The word “database” is frequently used as shorthand to mean both a database and the DBMS managing it, and both usages can be found in this textbook. Also, “database system” is generally used as a synonym for DBMS.

1.1.2. Tables¶

While relational databases can contain many types of objects, the object type that stores data is the table. Each table in the database has a name, which usually provides some indication of what kind of data can be found in the table. The table structure is defined by the table’s columns, each of which has a name and an associated data type. The actual data is contained in the rows of the table; each row is one data point and has a value for each column of the table.

We can visualize a simple table as, well, a table:

The illustration above shows a table named “fruit_stand” with three columns named “item”, “price”, and “unit”. Although the illustration does not show the data types, we might infer that the item and unit columns contain text and the price column contains decimal numbers. Each row of fruit_stand contains information about one kind of fruit sold at the fruit stand.

1.1.3. Structured Query Language (SQL)¶

An important characteristic of modern databases is that they abstract low-level operations on files, tables, indexes and so forth into high-level requests to the database management system. Requests to the database are typically expressed in a query language. Query languages are a type of programming language, but are different from most in that query languages tend to be declarative rather than imperative. Whereas imperative languages require the programmer to specify exactly what steps to take to perform a task, declarative languages simply describe a desired outcome.

Structured query language (SQL) is the most popular query language for relational databases, and is an example of a declarative language. SQL was developed by engineers at IBM in the 1970s and was standardized by standards organizations ANSI and ISO in 1986, with regular updates following. New features continue to be added to SQL as relational database technology and applications evolve.

Even though a standard exists for SQL, relational databases have slightly different implementations of the relational model, and similarly different “dialects” of SQL. Despite these differences, most SQL dialects share enough in common that, with care, highly portable SQL code can be written. Examples in this textbook use the SQLite database engine, and thus the dialect of SQL used by SQLite. To the extent possible, however, examples will be portable to other dialects; differences between implementations will be noted where significant. Due to the large number of relational DBMSes available, only a few highly popular DBMSes are included: SQLite, PostgreSQL, MySQL, Oracle, and Microsoft SQL Server.

SQLite examples can be run directly inside this online textbook (more on this below).
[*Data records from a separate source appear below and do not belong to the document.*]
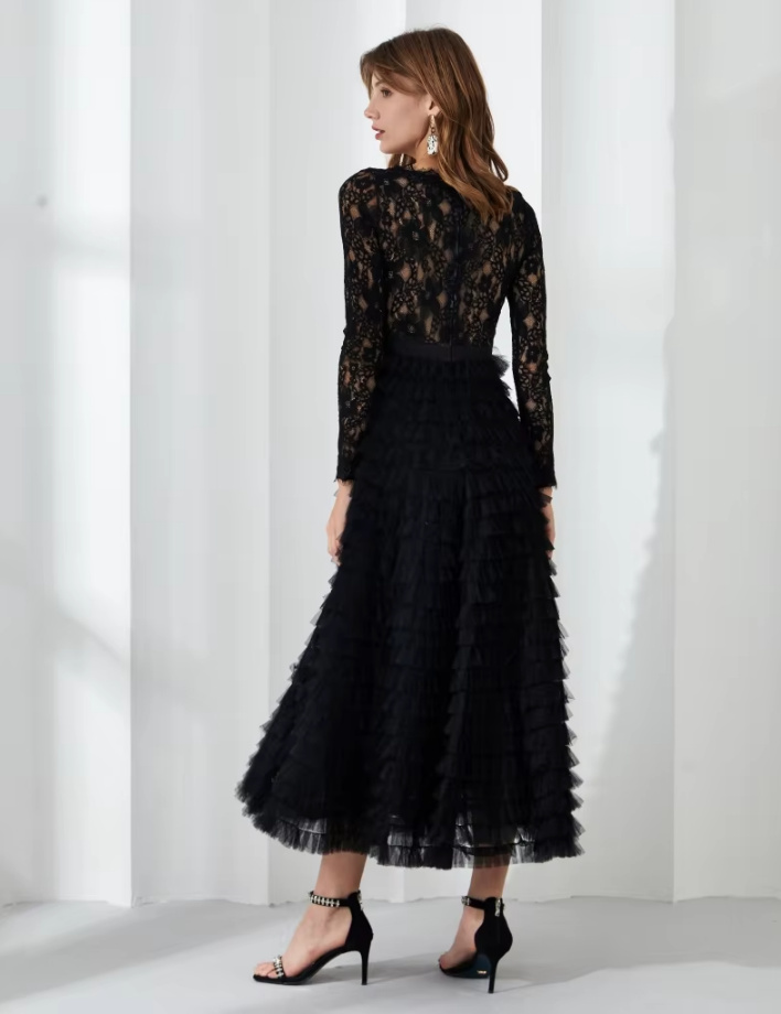 Eleganter Damen Zweiteiler mit Spitze in Schwarz Rock mit Bluse im Set
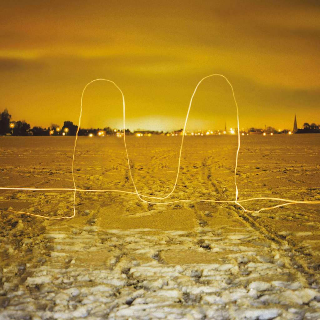 It’s a light trail made by a torch, made to look like it was going around two people. I wanted to show absence. I used one person, who moved sideways after the first pass with the torch to make space for the second outline.
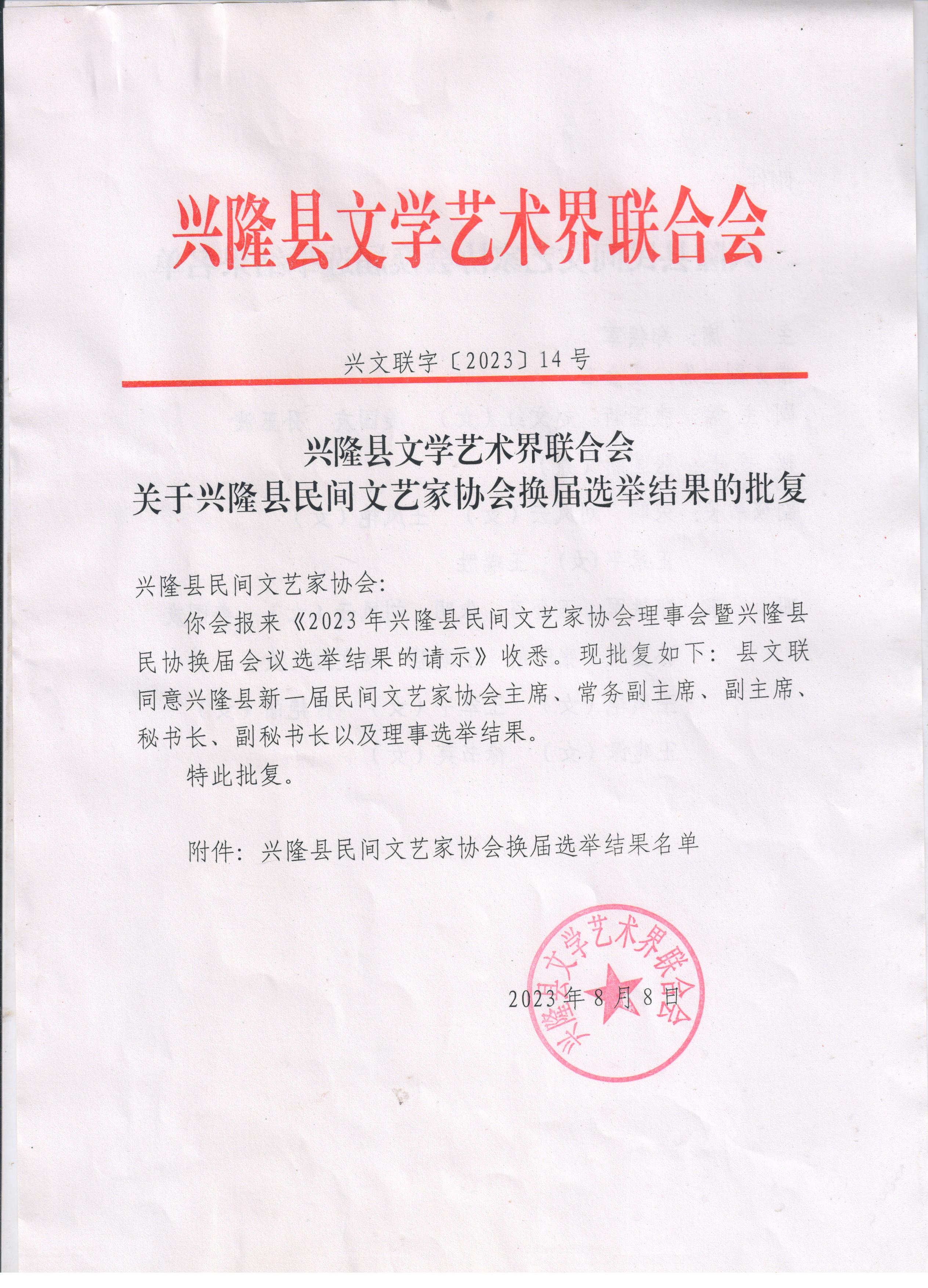 2023年8月8日,兴隆县民间文艺家协会(简称兴隆县民协)提交的《2023年兴隆县民家文艺家协会理事会暨兴隆县民协换届会议选举结果的的请示》获兴隆县文学艺术家联合会批复,兴隆县民协组织机构成员的批复如下:
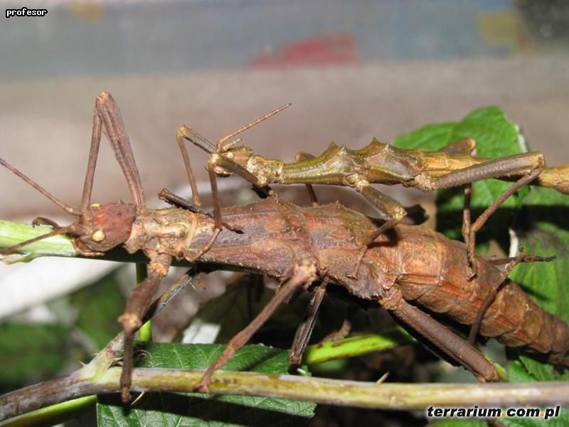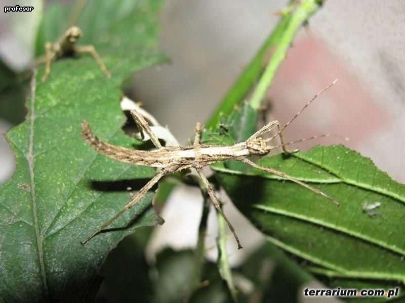 Dorosłe owady hodujemy w terrarium o wymiarach 30x30x30 cm [dł. x szer. x wys.].Takie terrarium wystarczy dla 2-3 par. Dno wysypujemy torfem lub włókniną kokosową aby straszyki mogły bezpiecznie składać jaja. Jeżeli decydujemy się natomiast na wyłożenie dna terrarium ręcznikami papierowymi pamiętamy o pojemniczku z torfem do którego samice będą składać jaja – brak podłoża odpowiedniego do składania jaj grozi uszkodzeniem pokładełka samicy. W terrarium możemy umieścić konary lub korzenie, które stworzą atrakcyjne kryjówki dla owadów. Gatunek ten lubi nieco wyższą wilgotność, należy zatem zraszać terra regularnie 1-2 razy dziennie. Nie trzeba stosować dodatkowego oświetlenia.
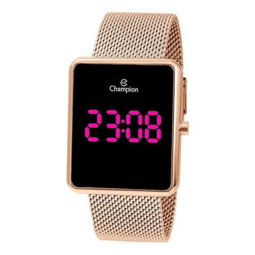 Relógio Champion Feminino Digital Led Casual Rose Gold CH40080HMarca: ChampionModelo: CH40080HTipo de mostrador: Digital Led VioletaMecanismo: QuartzoAlimentação: BateriaFormato da Caixa: QuadradoCor do mostrador: PretoCor da caixa: Rose GoldCor da pulseira: Rose GoldMaterial do Vidro: Cristal MineralMaterial da caixa: MetalMaterial da pulseira: AçoTipo de Fecho: GanchoNível de Resistência à Água: 30 MTCalendário: SimCronômetro: NãoAlarme: NãoLuz noturna: Não Medidas:Tamanho da Caixa: 3,6x4,4cmEspessura da Caixa: 1,0cmLargura da Pulseira: 2,4cmTamanho da Pulseira: 21cmPeso do Relógio: 132gConteúdo da Embalagem:Estojo da marcaAcessórios da marca (correspondentes a cada modelo)Manual em PortuguêsCertificado de Garantia do FabricanteNota Fiscal Eletrônica Fornecedor: Magnum Indústria da Amazônia SA. CNPJ: 63.715.510/0001-65Garantia: Garantia de 1 Ano com o Fornecedor
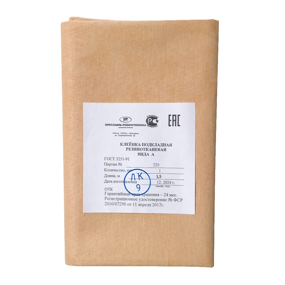 Клеенка подкладная с односторонним резиновым покрытием изготавливается путем нанесения резины на хлопчатобумажную основу (Мадапола́м) или синтетическую (полиэфирно-вискозную) ткань шириной 80 см, с применением различных пигментных оттенков (оранжевого, зеленого, белого, серого и др.), имеющей соответствующее разрешения органов здравоохранения.
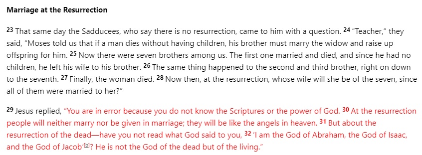 “Jesus replied, “You are in error because you do not know the Scriptures or the power of God.” “At the resurrection people will neither marry nor be given in marriage; they will be like the angels in heaven.” (Matthew 22:29-30)

Appendix A provides SQL scripts to create the database used in this book for each of the database engines listed above.

The basic element of SQL is the statement or query. While a distinction can be made between these two (statements act to change the state of the database, while queries act to retrieve data), it is common to use the terms interchangeably. Statements in SQL read much like English sentences, although with very strict rules.

SQL is often pronounced as “sequel”, although it is equally valid to simply say each letter.

1.1.4. Retrieving data using SELECT¶

In its simplest form, the SELECT statement can be used to retrieve all data from a table. We just need to know the table name:

SELECT * FROM fruit_stand;


Here, fruit_stand is the name of the table. The * is a special symbol used with SELECT statements to mean “all columns in the table”. The table fruit_stand is one table in the example database for this textbook. The interactive example below will let you query this database; the query above is already set up for you - click on “Run” to see its results. The column names for the table are shown across the top of the result table.

The statement (or query) above is said to have two clauses; a clause is a part of a SQL statement, usually starting with a SQL keyword. The two clauses in the statement above are the SELECT clause, “SELECT *” and the FROM clause, “FROM fruit_stand”. Most clauses are optional in the sense that they are not required in every query, although they will be necessary to produce certain desired results.

1.1.4.1. Retrieving specific columns¶

Above, we retrieved all columns of a table, which may not be the desired result. We can specify the columns we wish to retrieve, and in what order, by replacing the * in our SELECT clause with a comma-separated list of columns:

SELECT price, item FROM fruit_stand;


You can paste this new query into the interactive tool above to see its result.

There is a lot more we can do with a SELECT query, which will be explored in future chapters. In Chapter 1.2, we will discuss basic usage of SELECT, including how to retrieve specific subsets of rows and how to sort rows. In Chapter 1.3, we will delve deeper into the types of values and expressions you can use in SQL queries. In Chapter 1.4, we look at connecting multiple tables in a query to retrieve more complex results. Even more advanced topics will be explored in later chapters.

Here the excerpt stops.